**EXERCISE DESCRIPTION:** Pictures stay out of this copy; please retype only the lines from the start of the records through the line with "The princesses were".

**DATASET EXCERPTS:**
╔══
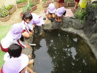 園庭の池にざりがにを発見。そっとのぞいて、じっとしていると、、、、
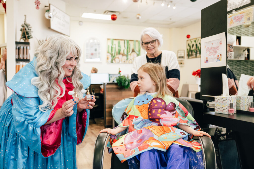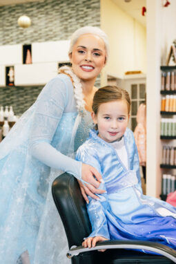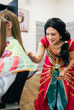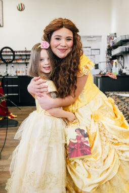 The princesses were so tickled to meet each little guest. They adorned them with sparkling flowers, fairy hair tinsel, colorful extensions, braids, etc. Everyone had such a great time that we’ve decided to make it a quarterly tradition! Moving forward, not only will each special customer get a lovely haircut and blow-dry, they’ll also get a yummy beverage, a surprise goodie bag, a hair embellishment, and their very own tiara to complete the look!
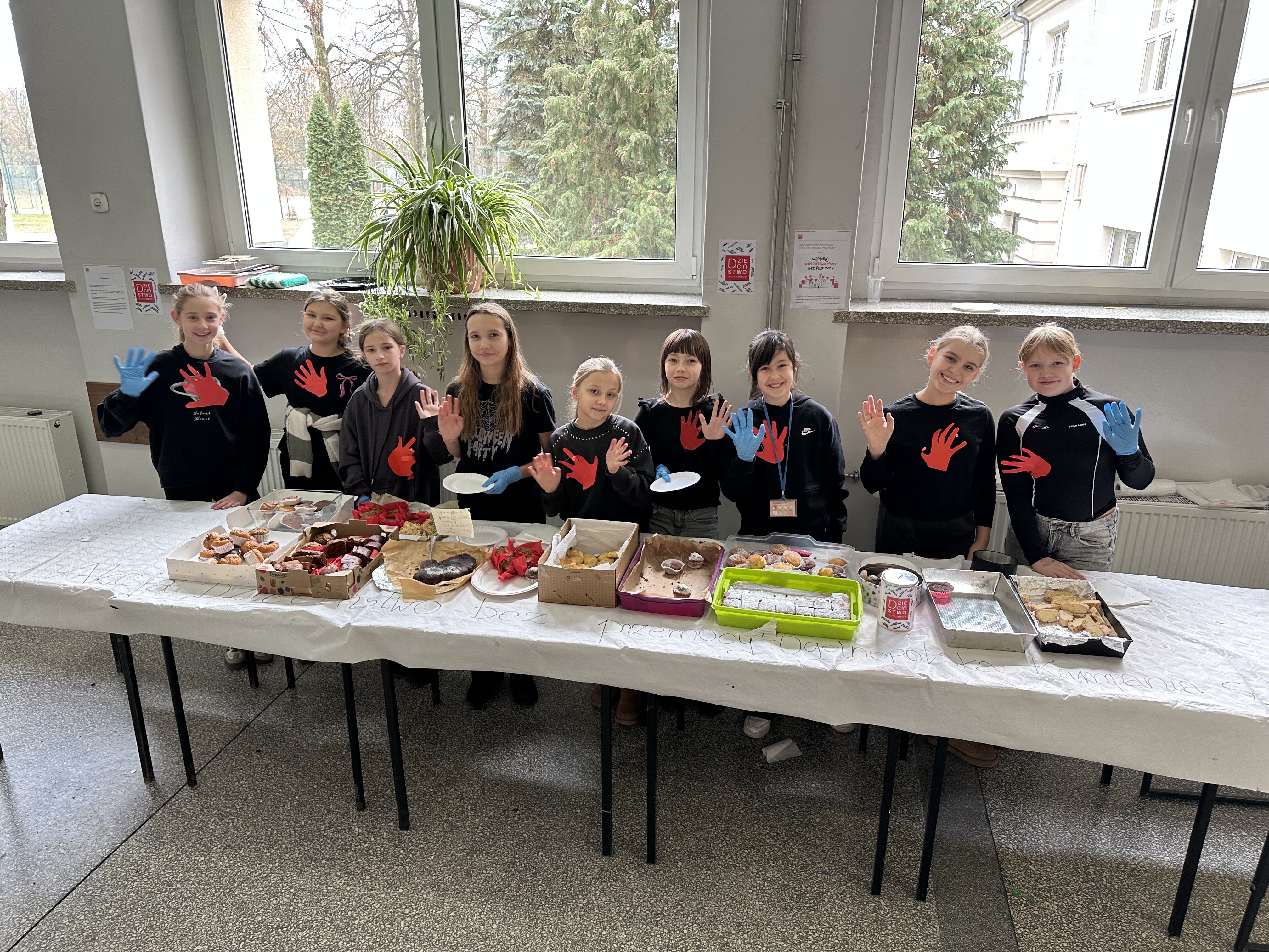 Kulminacją działań był szkolny kiermasz ciast, z którego dochód przeznaczono na pomoc dzieciom dotkniętym przemocą. W akcję zaangażowała się klasa 5a, Samorząd Uczniowski oraz Szkolny Wolontariat — wszyscy, którzy chcieli, by ten gest stał się realnym wsparciem.
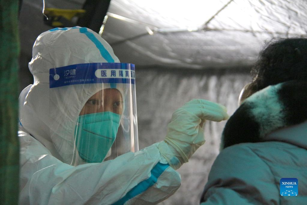 A medical worker takes a swab sample from a resident for nucleic acid test at a COVID-19 testing site in Fengtai District in Beijing, capital of China, Jan. 23, 2022.(Xinhua/Tang Rufeng)
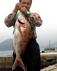 福岡県の井々村さんは、マダイ77cmを見事にGET! |
╚══
**SOLUTION FOR THIS PROBLEM:**
 園庭の池にざりがにを発見。そっとのぞいて、じっとしていると、、、、
 The princesses were so tickled to meet each little guest. They adorned them with sparkling flowers, fairy hair tinsel, colorful extensions, braids, etc. Everyone had such a great time that we’ve decided to make it a quarterly tradition! Moving forward, not only will each special customer get a lovely haircut and blow-dry, they’ll also get a yummy beverage, a surprise goodie bag, a hair embellishment, and their very own tiara to complete the look!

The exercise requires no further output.